Source code for scalexi.document_loaders.context_loaders
import pandas as pd
[docs]
class ContextExtractor:
    """
    A class to extract specific columns from a CSV file as pandas Series or DataFrame.
    This class provides methods to read a specified column from a CSV file and return it as either a pandas Series or DataFrame. 
    It's useful for data processing tasks where only specific column data is required from a larger dataset.
    :method from_csv_as_series: Reads a CSV file and returns the specified column as a pandas Series.
    :type from_csv_as_series: method
    :method from_csv_as_df: Reads a CSV file and returns the specified column as a pandas DataFrame.
    :type from_csv_as_df: method
    """
[docs]
    def from_csv_as_series(self, csv_file_path, column_name="context", encoding="utf-8"):
        """
        Reads a CSV file and returns the specified column as a pandas Series.
        This method is designed to extract a single column from a CSV file and present it as a pandas Series, 
        which can be useful for further data analysis or processing.
        :param csv_file_path: The path to the CSV file.
        :type csv_file_path: str
        :param column_name: The name of the column to extract. Default is "context".
        :type column_name: str, optional
        :param encoding: The encoding of the CSV file. Default is "utf-8".
        :type encoding: str, optional
        :return: The specified column as a pandas Series.
        :rtype: pandas.Series
        :raises FileNotFoundError: If the CSV file does not exist.
        :raises ValueError: If the specified column does not exist in the CSV.
        :raises Exception: For any other exceptions that may occur.
        :example:
        ::
            >>> extractor = ContextExtractor()
            >>> series = extractor.from_csv_as_series("data.csv", "context")
        """
        try:
            df = pd.read_csv(csv_file_path, encoding=encoding)
        except FileNotFoundError:
            raise FileNotFoundError(f"The file '{csv_file_path}' was not found.")
        except Exception as e:
            raise Exception(f"Error processing the file: {e}")
        if column_name in df.columns:
            return df[column_name]
        else:
            raise ValueError(f"The column '{column_name}' does not exist in the CSV.")
[docs]
    def from_csv_as_df(self, csv_file_path, column_name="context", encoding="utf-8"):
        """
        Reads a CSV file and returns the specified column as a pandas DataFrame.
        This method extracts a single column from a CSV file and presents it as a pandas DataFrame. 
        It's particularly useful when only one column of data is needed for analysis or processing.

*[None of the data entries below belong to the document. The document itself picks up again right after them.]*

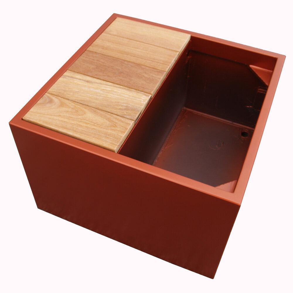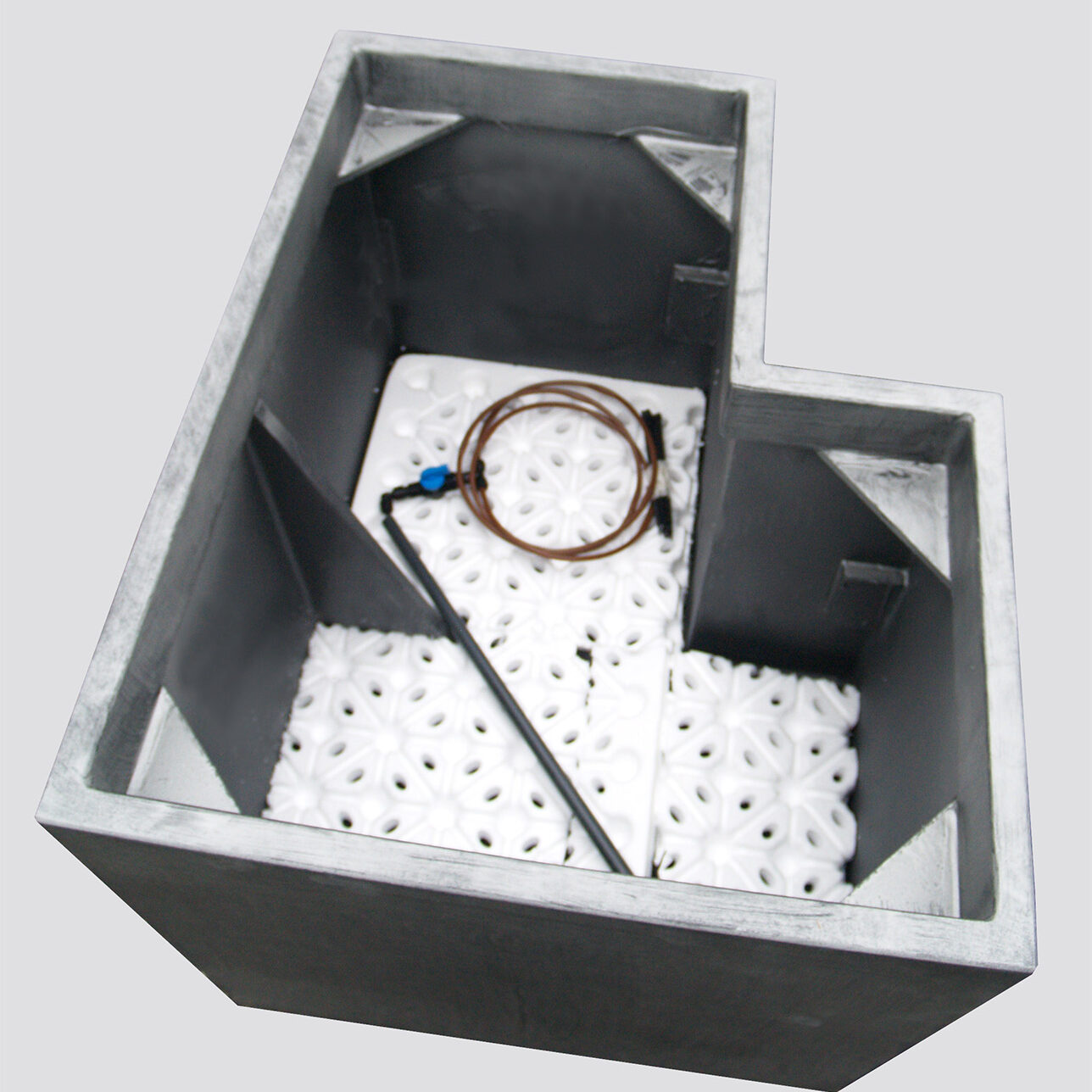 Dans sa configuration classique, le fond est drainant. Une perforation de la base permet l’évacuation du trop plein d’eau sous le bac. Toutefois, d’autres configurations sont possibles en options :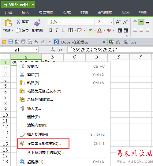 在使用wps表格過程中,在單元格中輸入超過11位的數值,就會默認使用科學計數法表示了,為了使輸入的長數據顯示完整,可以先將單元格格式設置為”文本“。操作看下面: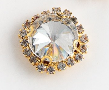 Стразы пришивные стекло в оправе "Круг", d 18 мм, в золоте прозрачный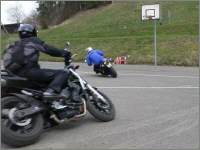 Am Samstag, 31.März 2007 konnte der erste Kurventechnik-Kurs der Saison plangemäss durchgeführt werden. Plangemäss? Schau selbst in die Bilder hinein und dann kannst Du Dir einen Eindruck machen... Bereits auf der Anfahrt hatte das Termometer am Strassenrand in Fehraltorf minus 1 Grad angezeigt, vorher hatte ich den angefrorenen Schnee vom Sattel der Transalp vor meinem Haus gewischt!!! Vier der sechs Teilnehmer waren «Wiederholungstäter»...

        :param csv_file_path: The path to the CSV file.
        :type csv_file_path: str
        :param column_name: The name of the column to extract. Default is "context".

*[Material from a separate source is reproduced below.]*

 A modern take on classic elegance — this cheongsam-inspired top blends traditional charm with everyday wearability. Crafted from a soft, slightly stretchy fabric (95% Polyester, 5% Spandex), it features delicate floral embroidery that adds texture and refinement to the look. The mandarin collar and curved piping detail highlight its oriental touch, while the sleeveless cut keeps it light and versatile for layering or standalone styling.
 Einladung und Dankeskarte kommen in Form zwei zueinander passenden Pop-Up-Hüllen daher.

        :type column_name: str, optional
        :param encoding: The encoding of the CSV file. Default is "utf-8".
        :type encoding: str, optional
        :return: The specified column as a pandas DataFrame.
        :rtype: pandas.DataFrame
        :raises FileNotFoundError: If the CSV file does not exist.
        :raises ValueError: If the specified column does not exist in the CSV.
        :raises Exception: For any other exceptions that may occur.
        :example:
        ::
            >>> extractor = ContextExtractor()
            >>> dataframe = extractor.from_csv_as_df("data.csv", "context")
        """
        try:
            df = pd.read_csv(csv_file_path, encoding=encoding)
        except FileNotFoundError:
            raise FileNotFoundError(f"The file '{csv_file_path}' was not found.")
        except Exception as e:
            raise Exception(f"Error processing the file: {e}")
        if column_name in df.columns:
            return df[[column_name]]
        else:
            raise ValueError(f"The column '{column_name}' does not exist in the CSV.")